Rural Health Information Hub Latest News

HHS Provides $398 Million to Small Rural Hospitals for COVID-19 Testing and Mitigation

HHS announced that, thanks to the American Rescue Plan, through the Health Resources and Services Administration (HRSA), it provided $398 million in funding through the Small Rural Hospital Improvement Program (SHIP) to 1,540 small rural hospitals for COVID-19 testing and mitigation. State Offices of Rural Health, which work with small rural hospitals to implement quality and operational improvement efforts, will receive the funding announced today to distribute to eligible small rural hospitals in their state. Hospitals will use the funds to maintain or increase COVID-19 testing, expand access to testing for rural residents, and tailor mitigation efforts to reflect the needs of local communities.

https://www.hhs.gov/about/news/2021/07/13/hhs-provides-398-million-to-small-rural-hospitals-for-covid-testing.html

Office of Management and Budget Announces 2020 Standards for Delineating Core Based Statistical Areas

On July 13, 2021, the Office of Management and Budget (OMB) announced the 2020 Standards for Delineating Core Based Statistical Areas. The standards will supersede the 2010 standards with modest revisions.

Core-based statistical area standards are intended for statistical purposes only to help ensure Federal agencies that classify statistics, such as unemployment numbers or GDP levels, by geographic area do so consistently across government. Every ten years, as part of a long-running process, OMB considers updates to the standards to ensure their continued usefulness and relevance for statistical agencies. Updates to the standards follow a long-running process: A technical advisory committee of experts provides recommendations, OMB solicits public notice and comment on proposed changes, OMB deliberates on the recommendations and public comments, and finally OMB publishes notification of its final decisions.

On January 19, 2021, OMB published a Federal Register Notice soliciting public comment on recommendations for the 2020 update from a technical advisory committee of interagency experts, known as Metropolitan and Micropolitan Statistical Area Standards Review Committee. Following a public comment period, the Committee submitted a revised recommendation to leave the current Metropolitan Statistical Areas (MSA) core population threshold in place.

Consistent with the Standards Review Committee’s revised recommendation, OMB’s 2020 Standards will maintain the MSA threshold of 50,000. Recognizing the committee’s concern that MSA thresholds have not kept pace with population growth, OMB will work with the Standards Review Committee to conduct research and stakeholder outreach to inform the 2030 standards update.
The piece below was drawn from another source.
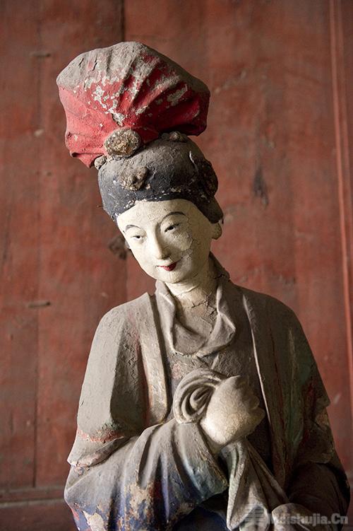 观众参观完序厅展览,对晋祠有了基础了解后,便正式开启了这场跨越三千年的文明对话。沿东西向中轴线,依次经过水镜台、献殿、鱼沼飞梁,驻足圣母殿时能看到“晋祠三绝”之一的宋代彩塑,也能看到火遍网络的“比耶龙”。宋代彩塑侍女像个个眉目传神、栩栩如生,是宋代皇室生活的缩影。殿前柱上的木雕盘龙鳞片层层,龙须根根,一派生气。

CMS Proposes Physician Payment Rule to Improve Health Equity, Patient Access

Rule Would Expand Access to Telehealth Services, Enhance Diabetes Prevention Programs

The Centers for Medicare & Medicaid Services (CMS) is proposing changes to address the widening gap in health equity highlighted by the COVID-19 Public Health Emergency (PHE) and to expand patient access to comprehensive care, especially in underserved populations. In CMS’s annual Physician Fee Schedule (PFS) proposed rule, the agency is recommending steps that continue the Biden-Harris Administration’s commitment to strengthen and build upon Medicare by promoting health equity; expanding access to services furnished via telehealth and other telecommunications technologies for behavioral health care; enhancing diabetes prevention programs; and further improving CMS’s quality programs to ensure quality care for Medicare beneficiaries and to create equal opportunities for physicians in both small and large clinical practices.

“Over the past year, the public health emergency has highlighted the disparities in the U.S. health care system, while at the same time demonstrating the positive impact of innovative policies to reduce these disparities,” said CMS Administrator Chiquita Brooks-LaSure. “CMS aims to take the lessons learned during this time and move forward toward a system where no patient is left out and everyone has access to comprehensive quality health services.”
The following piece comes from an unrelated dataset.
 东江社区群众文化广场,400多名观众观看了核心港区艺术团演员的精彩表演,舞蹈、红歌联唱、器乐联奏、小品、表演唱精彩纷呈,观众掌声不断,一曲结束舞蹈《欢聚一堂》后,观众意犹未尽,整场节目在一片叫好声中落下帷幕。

CMS Seeks Feedback on Health Equity Data Collection

CMS is committed to addressing the significant and persistent inequities in health outcomes in the U.S. by improving data collection to better measure and analyze disparities across programs and policies. In the proposed PFS rule, CMS is soliciting feedback on the collection of data, and on how the agency can advance health equity for people with Medicare (while protecting individual privacy), potentially through the creation of confidential reports that allow providers to look at patient impact through a variety of data points including, but not limited to, LGBTQ+, race and ethnicity, dual-eligible beneficiaries, disability, and rural populations. Access to these data may enable a more comprehensive assessment of health equity and support initiatives to close the equity gap. In addition, hospitals and health care providers may be able to use the results from the disparity analyses to identify and develop strategies to promote health equity.
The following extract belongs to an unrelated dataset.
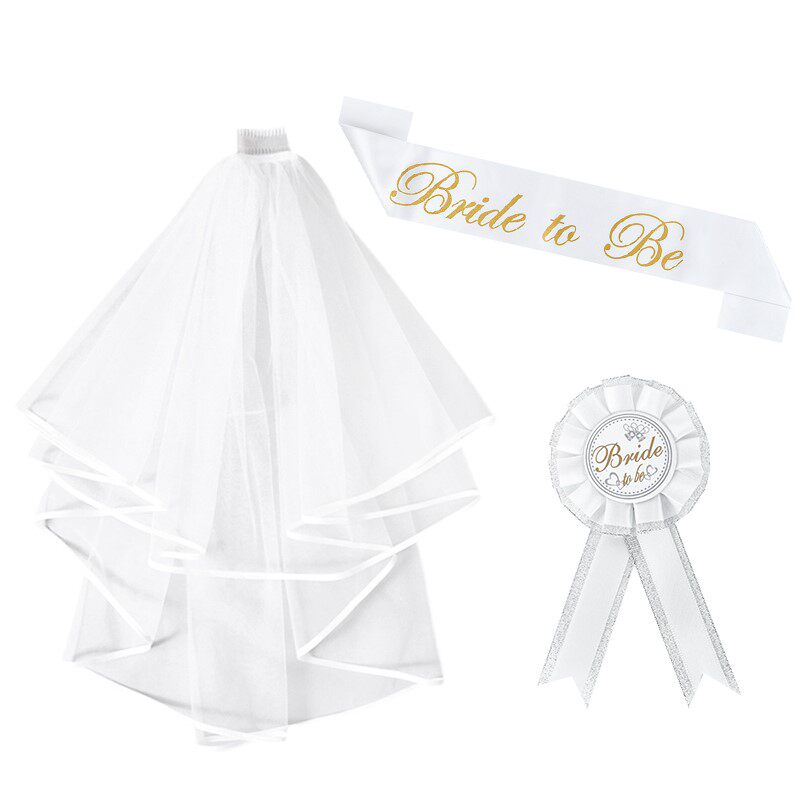 Bachelorette Party Decor Groom Bride To Be Sash Veil Badge f

Expanding Telehealth and Other Telecommunications Technologies for Behavioral and Mental Health Care

In the proposed rule, CMS is reinforcing its commitment to expanding access to behavioral health care and reducing barriers to treatment. CMS is proposing to implement recently enacted legislation that removes certain statutory restrictions to allow patients in any geographic location and in their homes access to telehealth services for diagnosis, evaluation, and treatment of mental health disorders. Along with this change, CMS is proposing to expand access to mental health services for rural and vulnerable populations by allowing, for the first time, Medicare to pay for mental health visits when they are provided by Rural Health Clinics (RHCs) and Federally Qualified Health Centers (FQHCs) to include visits furnished through interactive telecommunications technology. This proposal would expand access to Medicare beneficiaries, especially those living in rural and other underserved areas.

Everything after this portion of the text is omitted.